═════ RECORD EXTRACTS ═════
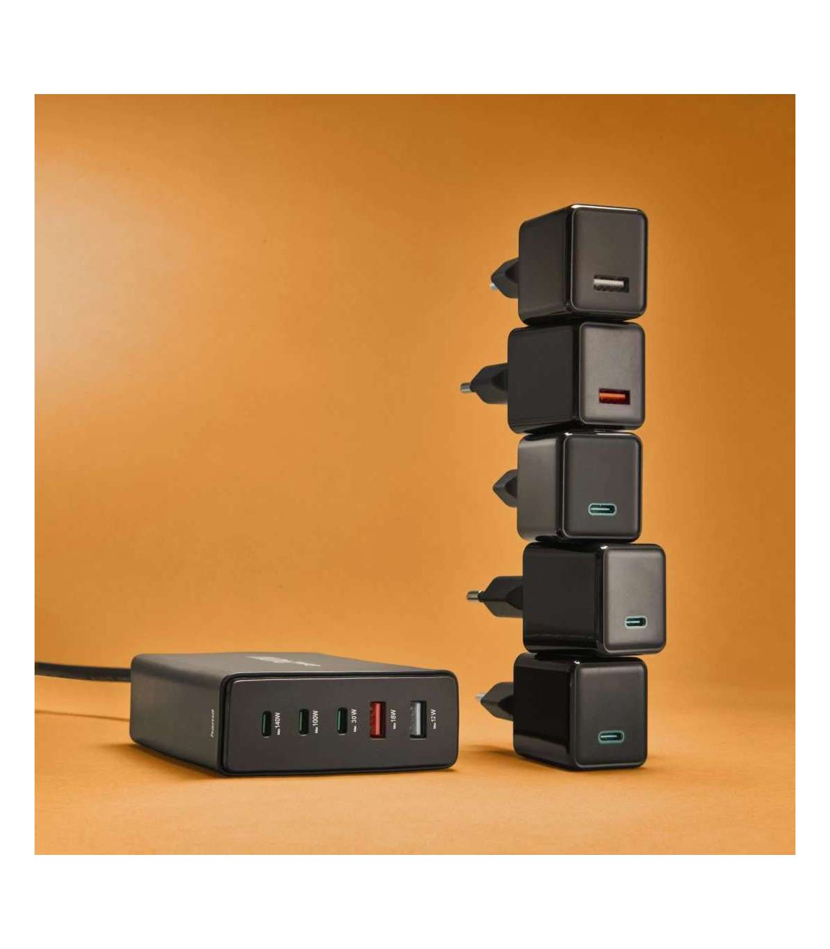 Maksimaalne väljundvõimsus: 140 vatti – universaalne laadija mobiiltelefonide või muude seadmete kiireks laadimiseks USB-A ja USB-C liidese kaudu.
═════
═════ RECORD EXTRACTS ═════
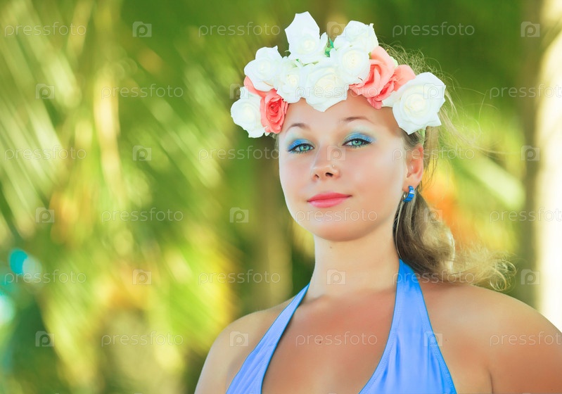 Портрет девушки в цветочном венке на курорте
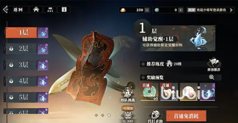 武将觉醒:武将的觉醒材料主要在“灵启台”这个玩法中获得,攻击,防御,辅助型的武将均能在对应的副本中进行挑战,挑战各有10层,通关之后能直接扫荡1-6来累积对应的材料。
═════
═════ RECORD EXTRACTS ═════
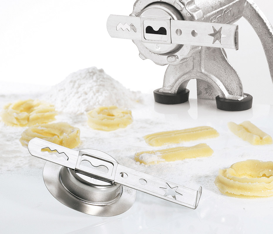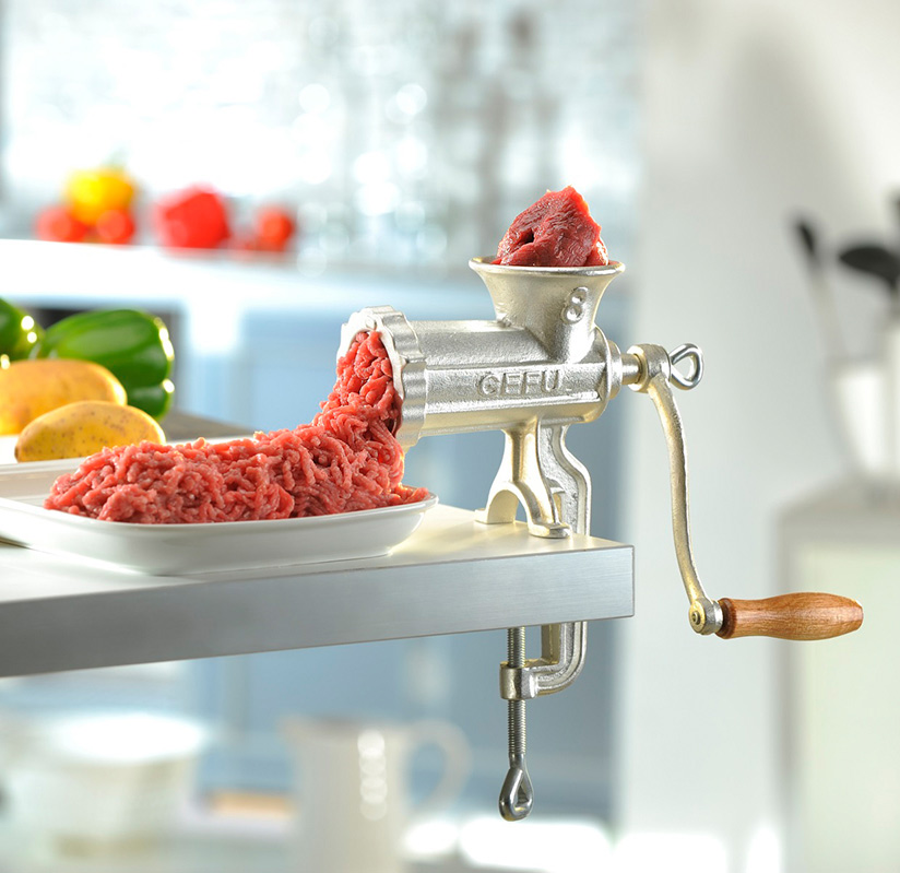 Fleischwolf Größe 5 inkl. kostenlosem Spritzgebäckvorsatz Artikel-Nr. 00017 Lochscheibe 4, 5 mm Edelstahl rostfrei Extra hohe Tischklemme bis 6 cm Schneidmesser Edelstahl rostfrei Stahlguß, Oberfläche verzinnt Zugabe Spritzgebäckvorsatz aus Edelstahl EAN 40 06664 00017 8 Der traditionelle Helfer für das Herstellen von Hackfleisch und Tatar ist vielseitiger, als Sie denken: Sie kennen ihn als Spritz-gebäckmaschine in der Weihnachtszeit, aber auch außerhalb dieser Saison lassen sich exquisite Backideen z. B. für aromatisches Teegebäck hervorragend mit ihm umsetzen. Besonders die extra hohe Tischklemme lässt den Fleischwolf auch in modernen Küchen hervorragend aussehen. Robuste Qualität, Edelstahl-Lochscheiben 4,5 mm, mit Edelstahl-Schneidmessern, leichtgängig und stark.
═════
◆ **WHAT TO WORK ON**: Using the data above, copy exactly the lines from the one containing "Портрет девушки в цветочном венке на курорте" to the one containing "武将觉醒:武将的觉醒材料主要", inclusive. Exclude the pictures.

◆ **OUTPUT OF THE EXERCISE**:
 Портрет девушки в цветочном венке на курорте
 武将觉醒:武将的觉醒材料主要在“灵启台”这个玩法中获得,攻击,防御,辅助型的武将均能在对应的副本中进行挑战,挑战各有10层,通关之后能直接扫荡1-6来累积对应的材料。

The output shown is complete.